Boring! Yes, it’s difficult to sit down and write a dynamic translator, but it’s not nearly as hard as writing a static binary translator, and you don’t get 1/100th the performance. Translating Objective-C apps from PPC to Intel is trivial. When’s the first Intel Mac come out? A year? Hmm.. wonder if I can get my decompiler ready by then.
does this mean that people still using their god awful os 9 apps in os x still need classic or will those apps just run natively on the p4, with rosetta. also what is supposed to happen to the classic environment in os x. isn’t it supposed to disappear eventually along with carbon?
Rosetta will definitely not support OS 9 apps. btw: It will also not support apps that require a G4 or G5 processor or Altivec.
Rosetta may or may not support Classic apps. However, other solutions like SheepShaver or PearPC will once ported, so if you require MacOS 9 you still have that option open.
It is unbelivable how lazy journalists are. And whichever writer from CNET News.com (S. Shankland and I. Fried) has not even took the time to read this URL before they wrote their article:
http://www.transitive.com/history.htm
Transitive is a spin-off of the University of Manchester (UK), and I do not remember Manchester to be anywhere close to the Bay Area.

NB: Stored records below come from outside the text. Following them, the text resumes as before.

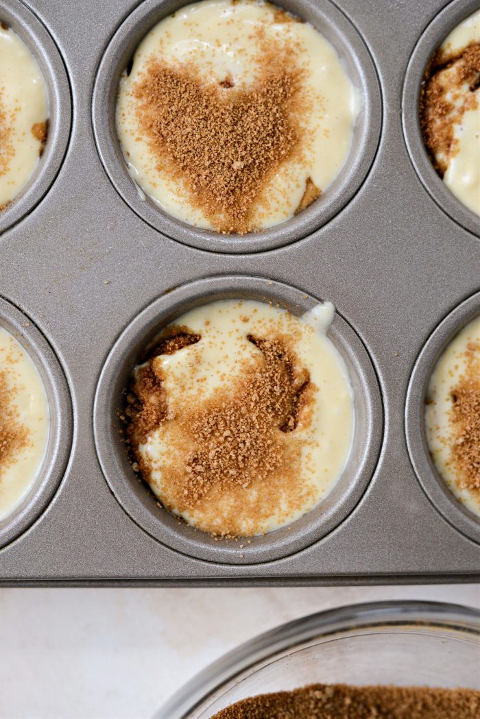 - Measure 2 tablespoons of the batter and add it into greased muffin cup. Sprinkle 1 teaspoon of the cinnamon brown sugar over top. Divide the remaining batter over top of each muffin (about 1½ tablespoons).
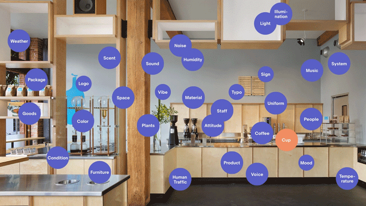 메뉴판과 관계, 인테리어 자재와 관계, 커피 맛/향과 관계, 음악, 온도, 무드, 직원들의 태도, 조명, 같은 공간 안에 있는 손님들, 소음, 심지어 그날의 날씨나 그 순간의 내 기분 등을 포함해 여러 가지 요소와 관계를 맺습니다. 이런 맥락에서 생각하면 소품 하나를 중심으로 플로우 차트를 만들거나 페이지네이션을 하는 것이 가능해집니다. 그 맥락 안에서 우리는 커피를 구매하고, 마시고 그 모든 설계된 총체적인 경험을 소비합니다.
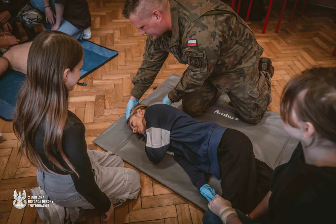- Program „Edukacja z wojskiem” to dobra okazja by w sposób przystępny w przyjaznej atmosferze dotrzeć do dzieci i młodzieży z bardzo ważnymi informacjami dotyczącymi obronności i bezpieczeństwa. Dla większości będzie to pierwszy w życiu kontakt z taką tematyką, dlatego to spore wyzwanie dla nas, aby wzbudzić ich zainteresowanie i skutecznie przekazać wiedzę - mówi st. szer. Łukasz, żołnierz - ratownik z 21 Lubelskiego Batalionu Lekkiej Piechoty 2 LBOT prowadzący zajęcia z pierwszej pomocy przedmedycznej w Szkole Podstawowej nr 15 im. Jana Pawła II w Lublinie.

sounds like a rework of FX32!/em86.
Adobe are an extreme example. I was under the impression that photoshop was written in PowerPlant. This means that they have to move Photoshop from one code base in CodeWarrior for both PPC and x86 to one code base in CodeWarrior, and one in XCode – that’s not trivial. If the CEO of Adobe hadn’t got up on stage and pledged to do it, I’d have doubts that they would.
“sounds like a rework of FX32!/em86.”
So far as I can gather, the big difference is that Transitive does not save any converted code to disk for use the next time the program runs. If it did, it would be a translator.
As it is, it seems to be what everyone else calls a JIT emulator – which is useful enough, but not as sophisticated as FX!32.
Anyone know better?
“does this mean that people still using their god awful os 9 apps in os x still need classic”
They may be using very good OS 9 programs. Why do you assume that because a program could run on Mac OS 9, it must be a bad program?
I doubt if Apple would have survived so far if all the programs on the older Macs were bad. I’m sure there were excellent programs that never got converted or replaced.
The consumerist idea that everything you use must have a “NEW” sticker on it is simply false.
The consumerist idea that everything you use must have a “NEW” sticker on it is simply false.
Very true. But I think he might be saying that those programs were god awful when forced to run them in the classic environment.
And apparently Classic is no more on an Intel Mac.